Ses rapports aux institutions ne relèvent jamais de l’adhésion, mais d’une stratégie d’infiltration. En se situant aux marges, il déplace le centre de gravité. L’exposition devient le lieu d’un jeu critique : un espace où se rejoue, de manière oblique, la définition même de ce qui peut être considéré comme œuvre. Là où certains consolident le statut de l’objet artistique, Lizène en érode les contours, en interroge la légitimité.

Et c’est peut-être dans son rapport aux supports, aux cadres, aux châssis et au cadrage que sa radicalité atteint sa plus grande acuité. Le cadre, le châssis, le dispositif de délimitation — loin d’être de simples outils — deviennent chez lui des cibles critiques. Dans la tradition picturale, le cadre et le châssis organisent la visibilité, garantissent la cohérence de l’image, instituent une séparation entre l’espace de l’art et celui du monde. Lizène s’emploie précisément à fragiliser cette séparation, à en exposer l’arbitraire ou à faire du cadre l’œuvre à la place de l’œuvre. Il peut réduire la présence du cadre à une convention dérisoire, en souligner la matérialité, ou encore en perturber la fonction, de sorte que le cadrage lui-même cesse d’être une évidence pour devenir un problème. Le cadrage, en tant qu’acte, est au cœur de cette remise en question : il détermine ce qui est inclus et ce qui est exclu, ce qui fait œuvre et ce qui reste hors champ. Or, chez Lizène, cette opération est systématiquement mise en crise. Le châssis, le support, le bord même de l’image sont traités comme des éléments contingents, susceptibles d’être déstabilisés, réduits, voire ridiculisés. L’œuvre ne s’inscrit plus dans un cadre stable : elle en révèle la précarité, comme si toute délimitation n’était qu’un arrangement provisoire, une fiction parmi d’autres.
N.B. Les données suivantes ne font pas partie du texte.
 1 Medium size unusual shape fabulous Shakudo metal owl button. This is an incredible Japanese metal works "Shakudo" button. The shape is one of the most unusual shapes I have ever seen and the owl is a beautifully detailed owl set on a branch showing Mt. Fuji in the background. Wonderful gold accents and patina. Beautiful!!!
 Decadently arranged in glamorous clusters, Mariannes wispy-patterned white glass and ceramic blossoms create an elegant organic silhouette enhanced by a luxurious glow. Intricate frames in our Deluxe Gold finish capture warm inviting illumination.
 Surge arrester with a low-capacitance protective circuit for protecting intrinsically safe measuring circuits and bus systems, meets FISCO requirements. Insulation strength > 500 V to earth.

Le volet clos, motif récurrent et hautement symbolique dans son univers, cristallise cette dynamique : en se refermant, il ne protège pas seulement une image, il en suspend la possibilité même d’apparition. Ce qui est soustrait au regard devient paradoxalement le lieu d’une intensité conceptuelle accrue. Mais ce retrait ne se limite pas à une stratégie de discrétion : il engage une négation plus radicale, comme si le geste de fermeture — ce voilement du visible — signifiait simultanément le refus même de l’acte artistique. Le volet clos ne désigne plus seulement l’absence de vision, il devient le signe d’une possible abolition de l’art lui-même. Dans cette obscurité volontaire s’efface la figure de l’artiste : non plus celui qui révèle, mais celui qui se retire, qui s’abolit, qui suspend le geste de créer. Ce qui se donne à voir, dès lors, est moins une œuvre qu’un effacement en acte, une tension entre apparition et disparition qui frôle la négation même de la création.
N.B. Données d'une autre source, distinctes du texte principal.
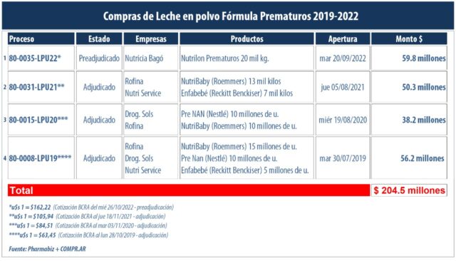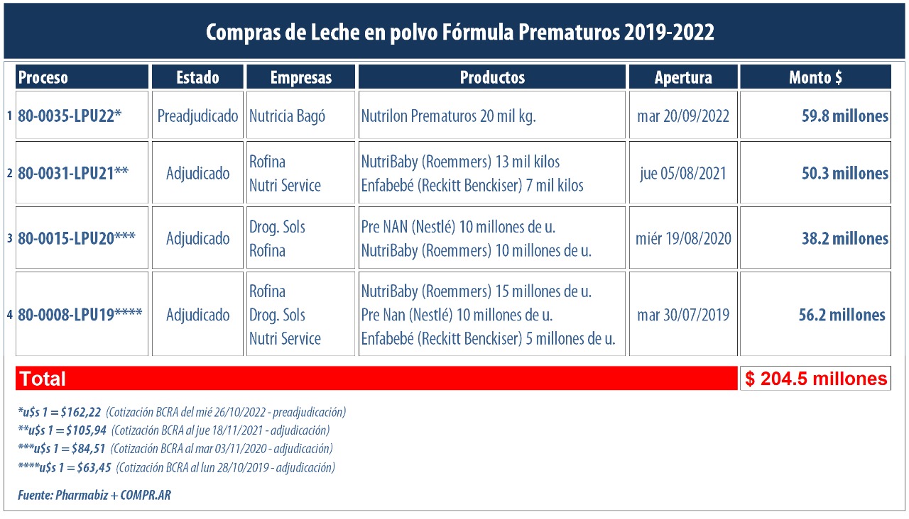 Nutricia Bagó, del grupo francés Danone continúa en carrera a fin de proveerle al Estado de 20 toneladas de leche en polvo para prematuros. La compañía resultó preadjudicataria por una suma total de $59.8 millones (u$s 368.6 mil).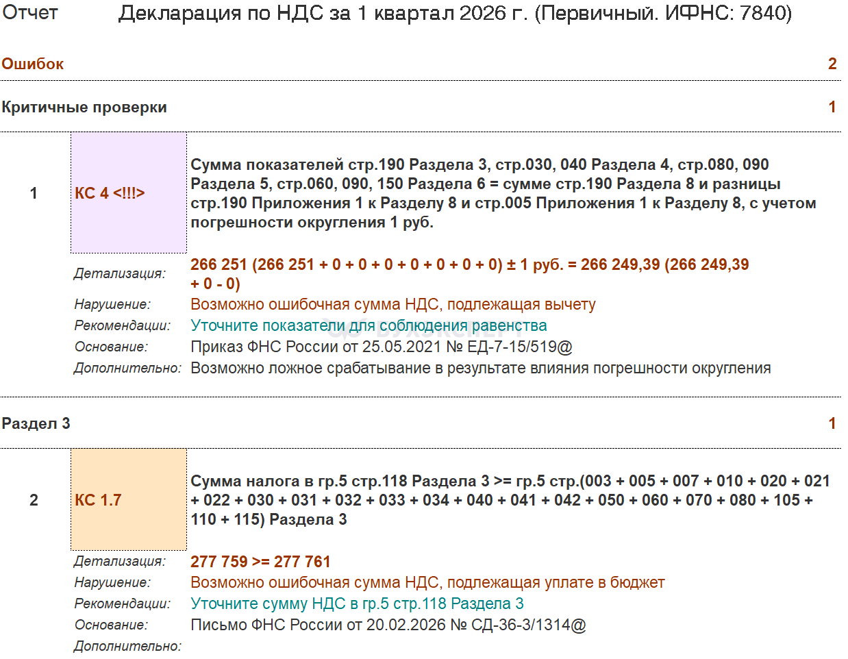 При возникновении ошибки проанализируйте данные по декларации: установите величину расхождений и их причину. Если причиной является округление, а не ошибки, декларацию можно отправить без исправлений, несмотря на предупреждение.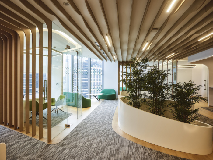办公室设计装修:木鳍制成的天花板对角地穿过整个办公室空间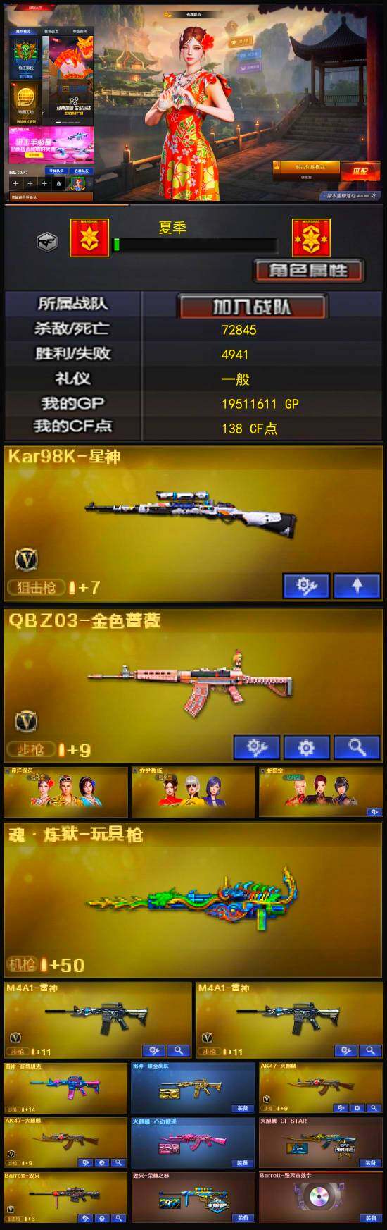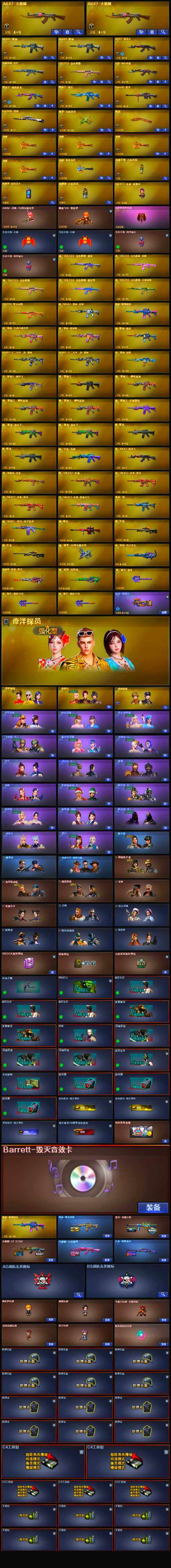 【英雄级武器】:烟雾弹-竞技荣光,QBZ03-金色蔷薇,无影-神兵利器,M4A1-雷神*2,AK47-火麒麟*2,AK47-黑武士,Barrett-毁灭,Kar98K-星神,黑武士-锦绣游龙,黑骑士-海王,修罗-古蛇迷踪,龙啸*4,屠龙,龙啸-热带奇洋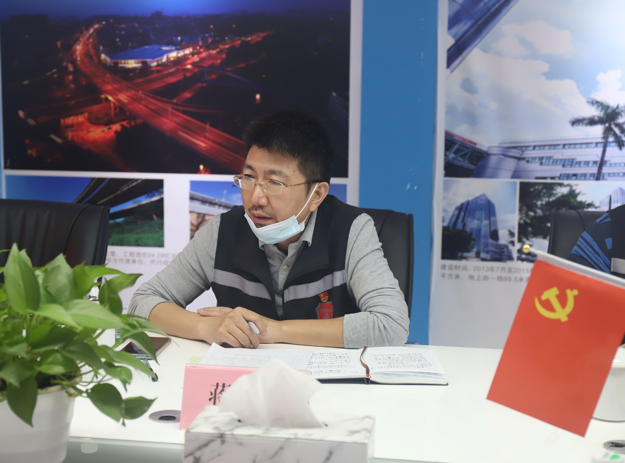 蒋桂山副站长介绍了深圳市住建系统开展“党建廉建共建、质量安全共管”工作取得的优异成果,要求各项目要在公司党组织的领导下,“强组织,见实效,扣主题”,充分发挥临时党支部的战斗堡垒作用和党员的先锋模范作用,以“提升工程质量,促进施工安全”为目标,联合推进建设工程现场党的政治建设、思想建设、组织建设、作风建设、纪律建设,务实解决工程质量、安全监督等工作过程中遇到的实际问题。并强调临时党支部要为项目质量安全管理出谋划策,成为支撑项目质量安全向上平稳发展的顶梁柱,促进工程质量安全管理水平和建筑工程品质总体水平的双提升。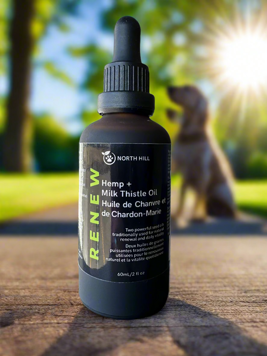 Renew - Hemp + Milk Thistle Oil combines two potent seed oils known for their traditional benefits in supporting dogs health renewal and daily vitality. Hemp oil provides essential fatty acids that promote skin health and overall wellness, while milk thistle oil supports liver function and detoxification. Together, they offer a natural, expert-formulated complement to your dogs ’s daily care routine, helping maintain their energy and well-being over time.

Dans ce dispositif, la figure de l’auteur elle-même se dissout. Par la pratique de la procuration, Lizène délègue, dissocie, déplace. L’artiste n’est plus celui qui fait, mais celui qui fait faire ; il n’est plus un génie, mais un opérateur. Cette dissociation radicalise une intuition fondamentale : ce qui fait œuvre, ce n’est pas la main, mais l’énoncé. En acceptant — et en revendiquant — que d’autres exécutent ses pièces, il désamorce le mythe de l’artiste comme source unique de création. Mais là encore, l’ironie affleure : déléguer un art médiocre, c’est aussi se retirer de la scène de la grandeur, refuser l’héroïsme du geste créateur.

Cette stratégie de retrait se prolonge jusque dans son rapport à la mort. Chez Lizène, la mort n’est pas une fin, ni même une énigme : elle est un matériau supplémentaire, soumis à la même logique de désacralisation. Il la met en scène, la détourne, l’inscrit dans un jeu où la gravité est suspendue. Le noir et le jaune, couleurs associées à la finitude et au deuil dans de nombreuses cultures européennes ou asiatiques, deviennent les signes d’une mise en scène de l’effacement, mais un effacement paradoxal, qui ne cesse de produire du sens. La mort, anticipée, simulée, ridiculisée, perd sa solennité pour devenir un élément de dramaturgie conceptuelle.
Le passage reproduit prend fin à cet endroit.